Over the last few weeks, a regular question that I’ve been asked are where I can find resources about Spark, Machine Learning, and Distributed Systems. While they seem to be disparate problems, the fact is that as a Data Engineer (or someone in Data Sciences Engineering or a Data Scientist that loves scalability and performance) you need to have your feet wet in all three disciplines to truly excel.
Apache Spark
Let’s start with Apache Spark (disclosure, I am with Databricks – the company was founded by the creators of Apache Spark). I am a big fan of Apache Spark because of its ability to handle so many scenarios – in a performant manner – that a data engineer must deal with – data transformations; code in Python, Scala, Java, or R; fast structured querying with DataFrames; machine learning with MLlib; graph with GraphX; etc. A great resource to learn more about Apache Spark is the recently launch SparkHub: A Community Site for Apache Spark.

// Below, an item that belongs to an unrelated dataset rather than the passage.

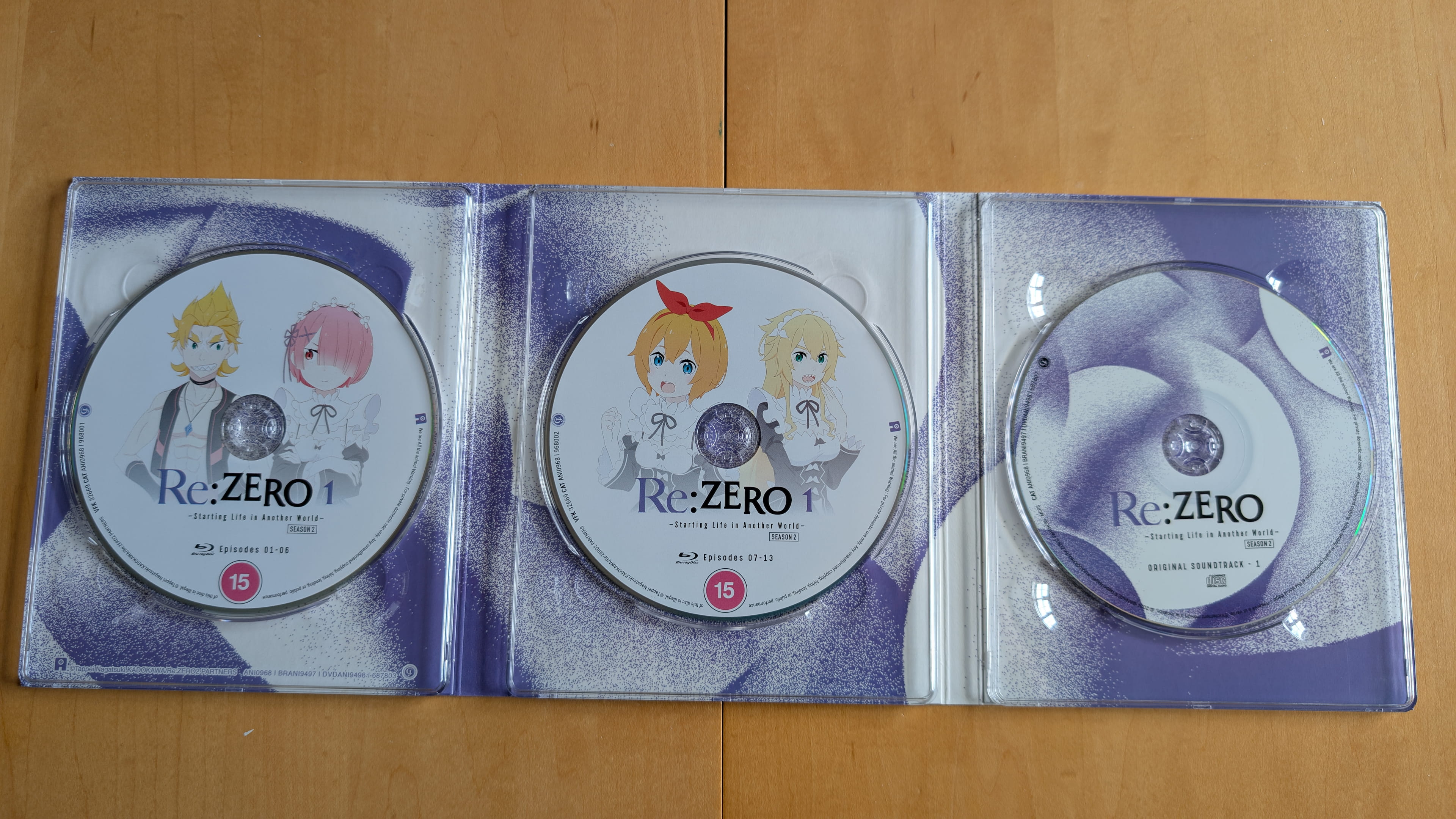 The collector’s edition Part 1 release for Re:ZERO -Starting Life in Another World- Season 2 contains the first cour of the series, episodes 1-13, across two Blu-ray discs. All the discs were encoded and authored by Crunchyroll.

Machine Learning for Developers
There are some great resources for machine learning for developers including the edX MOOC: Scalable Machine Learning (sponsored by Databricks). There is also a solid read that was recently shared with me by Alexander Stojanovic (a good friend and had led the creation of Hadoop on Windows and Azure) – Machine Learning for Developers by Mike de Waard. He does a great explaining Machine Learning concepts in a way for developers to understand.
Distributed Systems
Some friends of mine over at WearHacks were discussing about distributed systems theory and called out Henry Robinson’s blog post of great papers Distributed systems theory for the distributed systems engineer. Some fun ones that I would include in the list are:
- Omega: flexible, scalable schedulers for large compute clusters
- RAFT Consensus Algorithm
- Leslie Lamport’s Paxos Made Simple
I’m sure there are a lot more papers that are worth reading but this should be a great starting point. Comment away if you think there are more papers that should be included, eh?!
Enjoy!